Viorel Moiceanu

Personal information
- Date of birth: 5 July 1954 (age 71)
- Place of birth: Berevoești, Romania
- Position: Forward

Senior career*
- Years: Team / Apps / (Gls)
- 1977–1978: Dacia Pitești
- 1978–1986: Argeș Pitești / 201 / (38)
- 1988: Metalurgistul Slatina
- 1989: Dacia Pitești

= Viorel Moiceanu =

Romanian footballer

Viorel Moiceanu (born 5 July 1954) is a Romanian former football forward.

==Career==
Moiceanu was born on 5 July 1954 in Berevoești, Romania and began playing football in 1977 at Divizia C side Dacia Pitești.
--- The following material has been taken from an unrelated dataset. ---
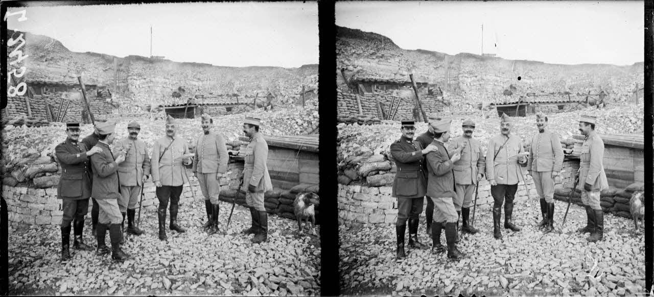 Les généraux Corvisart et Pétain en visite sur le front de Verdun en mars 1917.

After one season, he joined neighboring club Argeș Pitești. On 13 September 1978, he made his debut in the first leg of the first round of the 1978–79 UEFA Cup against Panathinaikos, as coach Florin Halagian sent him in the 73rd minute to replace Nicolae Dobrin, and he went on to score the last two goals of the 3–0 win. Four days later he made his Divizia A debut when Halagian sent him at half-time to again replace Dobrin in a 2–2 draw against Universitatea Craiova. After Argeș eliminated Panathinaikos, they met Valencia in the second round of the UEFA Cup where in the first leg he was sent in the 61st minute and scored the victory goal of the 2–1 win. Moiceanu exchanged t-shirts with Mario Kempes after the game, a player who just won the World Cup with Argentina, being the top-scorer and best player of the tournament. However, they did not qualify further as the second leg was lost with 5–2. At the end of his first season, Moiceanu helped the club win the title, contributing with five goals in the 25 appearances given to him by Halagian. He spent eight seasons with Argeș, scoring a personal record of nine goals in the 1984–85 season. He played his last Divizia A match on 5 October 1985 in a 3–1 away loss to Petrolul Ploiești when early in the game he was injured by Octavian Grigore. Moiceanu has a total of 201 appearances with 38 goals in the Romanian top league and 10 matches with three goals in the UEFA Cup.

Between 1988 and 1989 he had spells in Divizia B for Metalurgistul Slatina and Dacia Pitești.
Moiceanu was a player known for being decisive after being introduced in the games as a substitute, a quality for which he was nicknamed "Arma Secretă" (The Secret Weapon) by journalist Ioan Chirilă.